# Exercise description
Repeat what the lines below say, word for word, and skip every image.

# Data shown
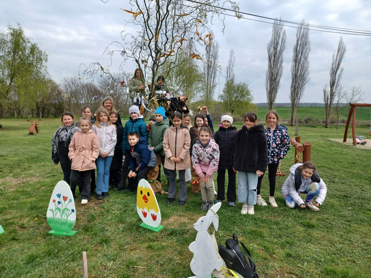 Sie machten einen Spaziergang rund um den Fischteich und besuchten anschließend auch den Spielplatz, wo eine fröhliche Ostereiersuche auf die Kinder wartete.
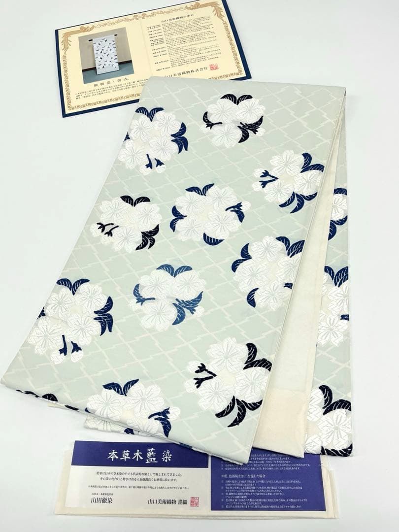 本草木藍染 山口美術織物 唐織 袋帯 ♥品 正絹 お太鼓柄 証書付き WWW_NICORILABO_COM
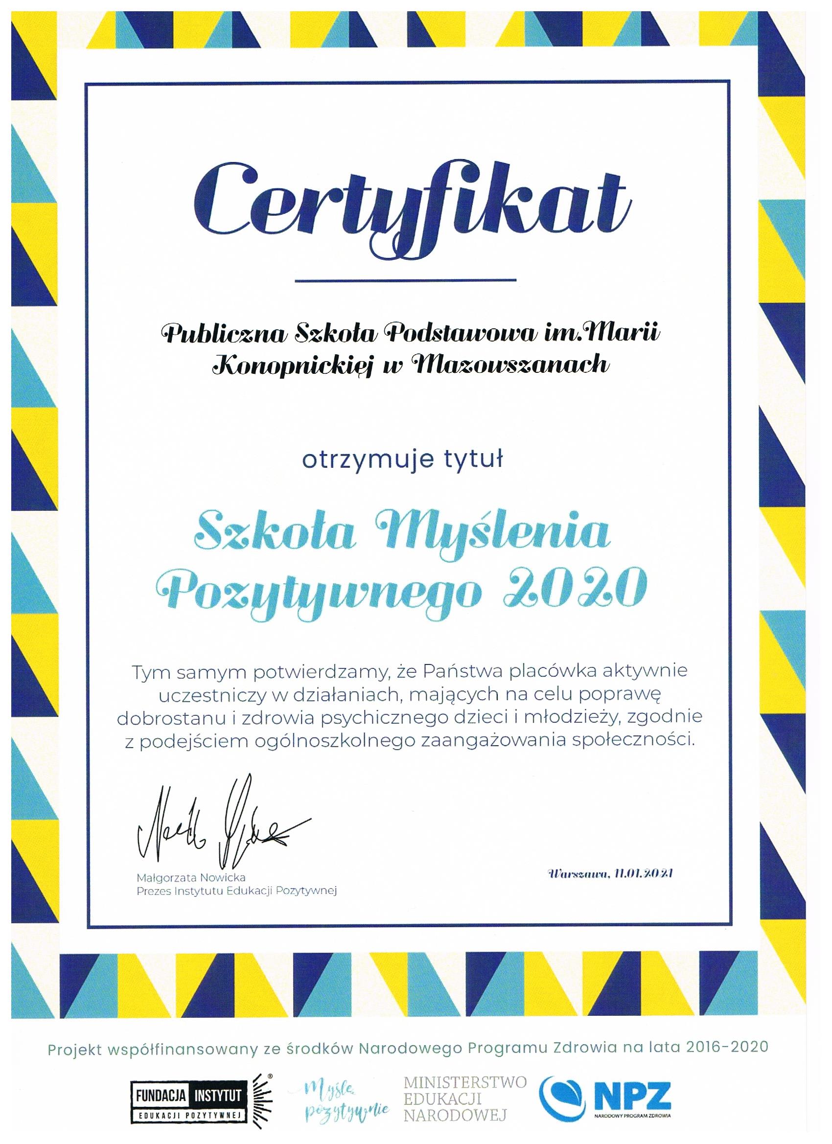 Od 1 stycznia 2020 do 31 grudnia 2020 nasza szkoła po raz kolejny brała udział w programie certyfikacyjnym „Szkoła Myślenia Pozytywnego”. Program ten realizowany był w ramach projektu „Myślę pozytywnie”, współfinansowanego ze środków Narodowego Programu Zdrowia na lata 2016 – 2020 na zlecenie Ministerstwa Edukacji Narodowej.

# Reply to the exercise
 Sie machten einen Spaziergang rund um den Fischteich und besuchten anschließend auch den Spielplatz, wo eine fröhliche Ostereiersuche auf die Kinder wartete.
 本草木藍染 山口美術織物 唐織 袋帯 ♥品 正絹 お太鼓柄 証書付き WWW_NICORILABO_COM
 Od 1 stycznia 2020 do 31 grudnia 2020 nasza szkoła po raz kolejny brała udział w programie certyfikacyjnym „Szkoła Myślenia Pozytywnego”. Program ten realizowany był w ramach projektu „Myślę pozytywnie”, współfinansowanego ze środków Narodowego Programu Zdrowia na lata 2016 – 2020 na zlecenie Ministerstwa Edukacji Narodowej.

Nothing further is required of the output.